Five-year-old Maggie Swanson holds a Nexus tablet computer up to a small colorful drawing of a turtle. The tiny blonde girl scans a paper barcode next to the picture and a recording of her own voice pops up on the tablet screen.
“When a turtle gets very scared, it can pop his head right back in its shell,” she says in the recording.
Maggie looks happy to hear herself.
“It’s me,” she says.
This innovative interactive mural is the work of Sandia Vista Elementary kindergarten teacher Michelle Garmon, an instructional technology pro who constantly looks for ways to build students’ computer skills.
Last year, Garmon was named a local Public Broadcasting Service Digital Innovator, an award that comes with free monthly trainings and access to digital media.
She used her new skills to create the pond storyboard incorporating the voices of her class.
First, the kids studied aquatic life such as fish, cattails, ducks and turtles. Then Garmon used her laptop’s Audacity program to record the students explaining what they had learned in their own words.
The project built the children’s vocabularies, digital skills and science knowledge – and it allowed them to share their own feelings; for instance, cattails look a lot like corn dogs.
“They loved working on this – they all had a hand in it,” Garmon said. “I get goosebumps when they really want to learn.”
PBS was also impressed with the storyboard.
Garmon’s project was recently featured on the organization’s national blog for innovative teaching.
Garmon, a lifelong fan of “Sesame Street,” said she jumped up and down when she heard they were interested.

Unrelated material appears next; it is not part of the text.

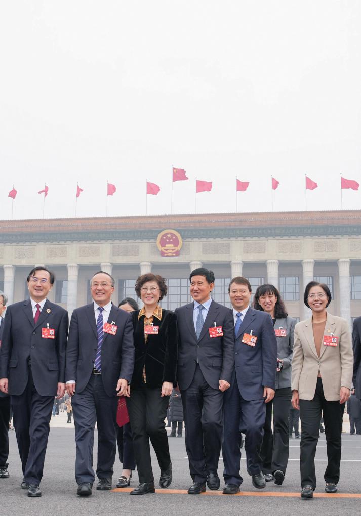 迎春吐蕊、玉兰含苞。3月的首都北京,春意萌动。 11日下午,近3000名全国人大代表齐聚人民大会堂,出席十四届全国人大三次会议闭幕会。 3月11日,十四届全国人大三次会议在北京人民大会堂举行闭幕会。新华社记者 庞兴雷 摄 全国人大代表何光华心潮澎湃。几天前,在人民大会堂东大厅,她现场聆听了习近平总书记在参加江苏代表团审议时的重要讲话。 “今年是‘十四五’规划收官之年,只有勇挑大梁、迎难而上,才能高质量完成目标任务,为实现‘十五五’良好开局打牢基础。”何光华说,作为一名产业技术人员,要扎实落实好总书记要求,抓实科技创新、产业创新,让更多科技成果走出实验室、走上生产线、走向大市场。 3月11日,十四届全国人大三次会议在北京人民大会堂举行闭幕会。新华社记者 谢环驰 摄 年近80岁的山西省晋中市昔阳县大寨村党总支书记郭凤莲代表步履稳健。 “履职30多年,我越来越觉得,我们是架在党和政府同人民群众间的一座桥梁。”郭凤莲说,从乡亲们关心的垃圾处理到特色产业发展,她围绕农村工作提出建议逾百条,不少得到了采纳。 从因地制宜发展新质生产力到优化营商环境,从加大优质教育资源供给到抢抓文旅发展新机遇……连日来,代表们围绕政府工作报告等认真审议审查、积极献策。在驻地、在会场,大家谈改革、话民生、议发展,充分交流、热烈讨论。 截至3月8日12时,大会秘书处共收到代表提出的议案269件。此外,大会秘书处还收到代表建议8000余件。 “既有真诚、务实的沟通交流,也有高效、及时的回应和落实。”今年全国两会上,广东省人民医院(广东省医学科学院)党委书记周琳代表在参加代表团审议时,提出了进一步让优质医疗资源在基层“触手可及”的建议,第二天就得到了国家卫生健康委工作人员的回复。 闭幕会前,人民大会堂中央大厅北侧,第三场“代表通道”集体采访活动正在进行。 3月11日,第十四届全国人民代表大会第三次会议第三场“代表通道”集中采访活动在北京人民大会堂举行。这是接受采访的全国人大代表入场。新华社记者 胥冰洁 摄 谭新萍代表分享了地里种的“土疙瘩”变成村民增收“金疙瘩”的喜悦,王秀英代表讲述了沙地上种出“吨粮田”的圆梦故事,卓娅·巴合提代表展现让文物“传下去”“活起来”的责任担当…… 大会期间,总计18位来自各行各业、全国各地的代表走上“代表通道”,分享追梦故事、畅谈履职心得,生动诠释中国式民主的生机与活力。 “开放、民主、包容、自信,这是透过‘代表通道’这扇窗,我对中国两会最直观的印象。”澳大利亚澳华电视传媒董事长任传功说,一个又一个鲜活、真实的故事,为广大发展中国家拓展现代化道路提供了有益启示。 3月11日,第十四届全国人民代表大会第三次会议第三场“代表通道”集中采访活动在北京人民大会堂举行。新华社记者 胥冰洁 摄 万人大礼堂内,气氛庄重而热烈。主席台上方,国徽高悬正中,在两侧红旗的映衬下格外引人注目。 铿锵的进行曲,如潮的掌声,人民的盛会。习近平总书记步入会场,现场气氛愈加热烈。 15时许,闭幕会开始。 各项决议和决定草案一一提请表决。 代表们一次次按下电子表决器。人民的拥护在汇聚,国家的意志在形成,党心民心同向同行。 “团结就是力量,奋斗开创未来。”通过电视直播全程观看闭幕会,国家超级计算无锡中心主任助理甘霖感触颇深:“我们要牢牢把握住国家发展和时代进步带来的大好机遇,在专业领域更加精益求精,努力解决技术难题,让科技创新与产业需求‘双向奔赴’。” 15时30分许,大会在雄壮的国歌声中胜利闭幕。 代表们满怀信心、力量与豪情走出会场,即将奔赴各自的工作岗位,用实际行动宣传贯彻落实大会精神。 3月11日,十四届全国人大三次会议在北京人民大会堂举行闭幕会。这是闭幕会后,代表们走出人民大会堂。新华社记者 金立旺 摄 这信心,来自坚持党的全面领导不动摇—— “党的领导直接关系中国式现代化的根本方向、前途命运、最终成败。”内蒙古自治区卓资县十八台镇黄旗滩村党支部书记、村委会主任薛志龙代表说,将继续以高质量党建为引领,通过设立党员先锋岗等举措,充分激发党员干部的干劲活力,团结带领乡亲们把日子越过越红火。 这力量,植根于以人民为中心的发展思想—— “从教育、就业,到医疗、社会保障,我们要贯彻好全国两会精神,落实关于增进民生福祉的一系列具体部署。”黑龙江省鸡西市市长孙成坤代表说,鸡西将以启动义务教育优质资源共建共享工程、实施就业精准支持计划、纵深推进“三医”联动改革等为重点,不断升级公共服务、办好民生实事、兜牢民生底线。 这豪情,蕴含着砥砺奋进、迎难而上的精气神—— “我深深地感受到,我们正走在民族复兴的伟大征程上。”作为湖南代表团最年轻的代表,“95后”残奥会冠军文晓燕坚定地说:“我将继续扎根在田径赛场,不断突破自我,为祖国的蓬勃发展贡献自己的青春力量。” 3月11日,十四届全国人大三次会议在北京人民大会堂举行闭幕会。这是闭幕会后,代表们走出人民大会堂。新华社记者 才扬 摄 春光无限好,万物竞芳菲。 奋进的中国,扬帆再出发! 文字记者:孙少龙、任沁沁、齐琪、何磊静、哈丽娜、杨思琪、刘芳洲、白佳丽、董博婷、周颖 海报设计:卓越 统

“I almost fell out of my chair,” she added. “There are a lot of really good things happening in education right now, and it is kind of overshadowed by the bad. It’s good for me and good for the class and the state of New Mexico.”
Next, Garmon will work on a Thanksgiving mural project that incorporates recordings of the kids talking about gratitude.
“These projects take the walls away from the classroom and lets the world in,” she said. “It’s so inspiring to me.”